Put Us In, Coach: Lowering the Price of Feeding America

May 8, 2025

Since 2019, the average price of groceries in the United States is up 36%. This year inflation continues, and though the rate of inflation is relatively low — less than 3% — it is a compounded effect after years of high single digit price increases.

We in the grocery industry know that pandemic shortages started inflation; that energy prices and artificial economic stimulus exaggerated it; that some manufacturers used the confusion to raise prices above their costs; and that, in the midst of it all, Avian Influenza wiped out millions of egg-laying chickens in the United States, sending egg prices through the roof.

As retailers we did all we could to ease as much of the cost increases as we could and still stay in business. According to FMS data, margins for independent retailers have been flat to down — under 2% this year — since 2019. That means we haven’t been passing on all the cost increases we get to shoppers.

But shoppers don’t understand that. All they know is groceries keep getting more expensive, which makes them frustrated and angry. And when they are angry, they worry that the people they do business with every day — their local retailer — may be taking advantage of them.

Unfortunately, there is no substantive conversation in Washington about lowering the cost of feeding American families. Tariffs don’t lower costs to consumers, they raise them — and are likely to cause overall inflation to start rising again. And when Washington suggests grocery prices are lower — despite shoppers seeing otherwise — it can lead to increased frustration, making them ever more likely to blame their retailers.

The problem is that the people making policy about food don’t actually know anything about the food industry. We have lawyers and politicians and investment bankers making policy decisions that are clearly not lowering costs. Where are the retailers? The manufacturers? The growers and ranchers and farmers?

There are specific, actionable things we could do as a country to lower food costs. Here are just a few examples:

  1. Break the duopoly of Visa and Mastercard and let retailers bid out credit card processing to the lowest bidder. Credit card companies make more money on groceries than the retailers!

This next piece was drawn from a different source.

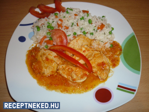 Sült paradicsomos-paprikás csirkemell rizzsel

Let’s cut just a sliver of their 70%+ gross margins, which could cut grocery costs by as much 1.5% almost immediately.
  2. The biggest increase in the cost of food production in the last few years has been the cost of fertilizer, most of which is imported. Remove fertilizer and fertilizer components from all tariffs and create subsidies for domestic producers to ramp up production. Lower the cost of raw materials like fertilizer and you can lower the cost of producing food.
  3. And then there’s transportation. Competition for drivers coupled with the high cost of diesel fuel is the biggest driver of domestic food inflation. Create education subsidies to encourage young people to go into transportation—and cut the federal excise tax for diesel to match that of traditional gasoline—and grocery costs would come down rapidly.
  4. Create federal rewards for innovation in manufacturing, rewarding smaller, lighter, and more sustainable packaging. It is far cheaper to ship a container of laundry pods than a heavy plastic detergent bottle filled with mostly water, for example.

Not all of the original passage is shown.